Malam harinya, sang ayah pulang kerja. Dengan wajah penuh kegembiraan, si anak segera memberitahunya: “Papa, gigiku tanggal! Aku sudah membungkusnya dan meletakkannya di samping tempat tidur. Besok, peri gigi pasti akan menaruh uang 10 yuan di dalam sapu tangan itu!”
Mendengar hal itu, sang ayah tersenyum, lalu berkata dengan nada tegas namun tenang: “Sayang, ingat baik-baik, hal seperti itu tidak pernah terjadi.”
“Papa, itu tidak mungkin!” sang anak langsung membantah. “Di sekolah, guru dan buku cerita semuanya mengatakan begitu. Kakak tetangga juga bilang begitu. Bulan lalu saat giginya tanggal, peri gigi benar-benar memberinya uang 10 yuan!”
Dia semakin emosional, wajah kecilnya memerah karena kesal.
“Kalau kamu tidak percaya, tidak apa-apa. Coba saja,” kata ayahnya. “Besok pagi setelah bangun, lihat sendiri di samping tempat tidurmu, apakah ada hadiah dari peri gigi atau tidak.”
Keesokan paginya, ketika sang ayah masuk ke kamar putrinya, dia mendapati anak itu sudah terbangun. Gadis kecil itu duduk di atas tempat tidur dengan wajah murung, termenung tanpa semangat.
Dengan nada kecewa, dia berkata : “Papa, sepertinya Papa benar… ternyata di dunia ini memang tidak ada peri gigi.”

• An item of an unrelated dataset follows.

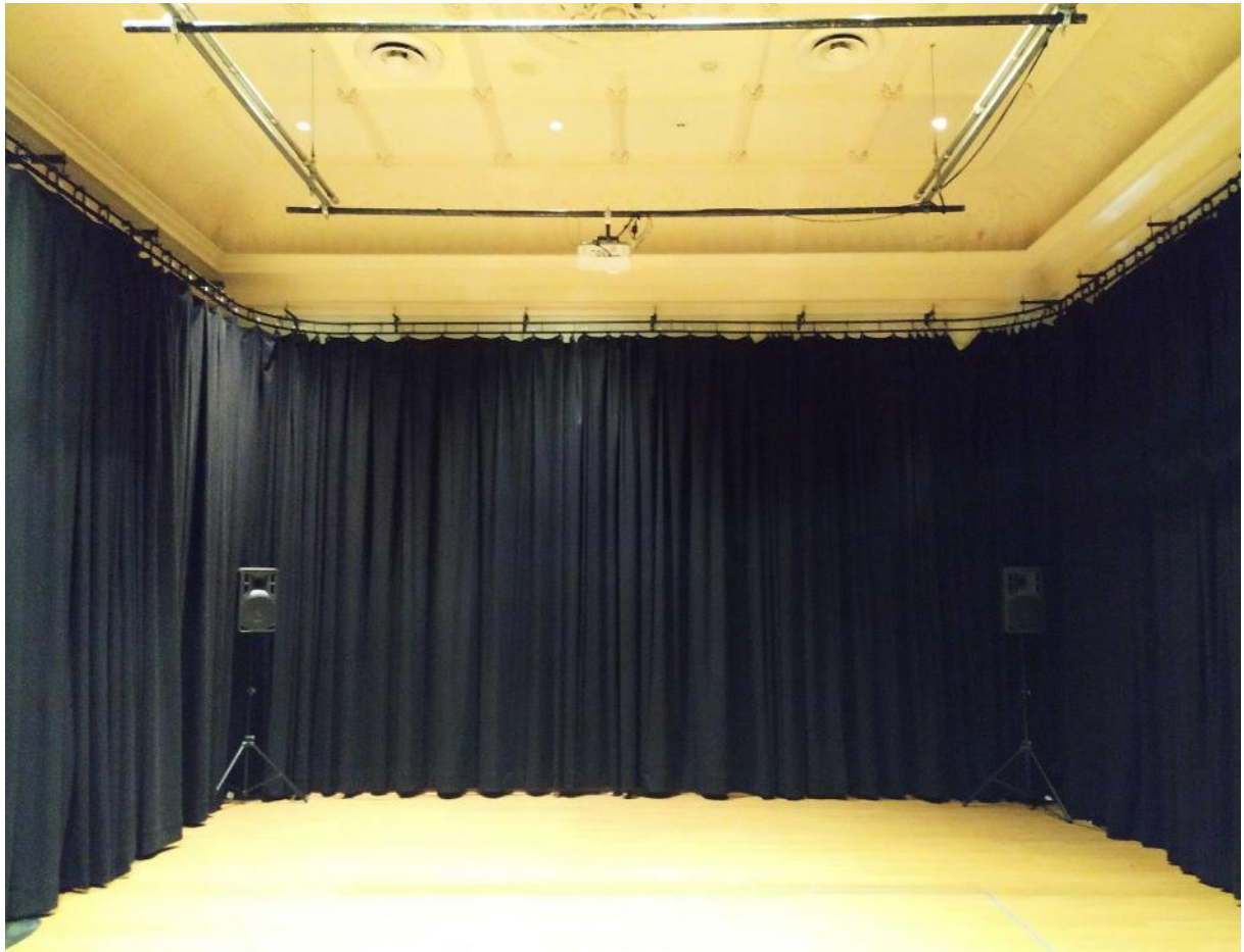
Image: View of Studio 2 with heavy black curtains around three sides of the room. The ceiling is a cream colour and the floor is a light-coloured wood. The lighting rig can be seen attached to the ceiling.

Peristiwa ini kemudian diketahui oleh guru di sekolah dan juga orang-orang di sekitar mereka.
Banyak yang berkata kepada sang ayah : “Bukankah cara Anda terlalu kejam terhadap anak?”
Namun sang ayah menjawab dengan serius : “Saya merasa anak memang perlu mengetahui kebenaran hidup. Lagipula, orangtua tidak mungkin mendampingi anak seumur hidup.”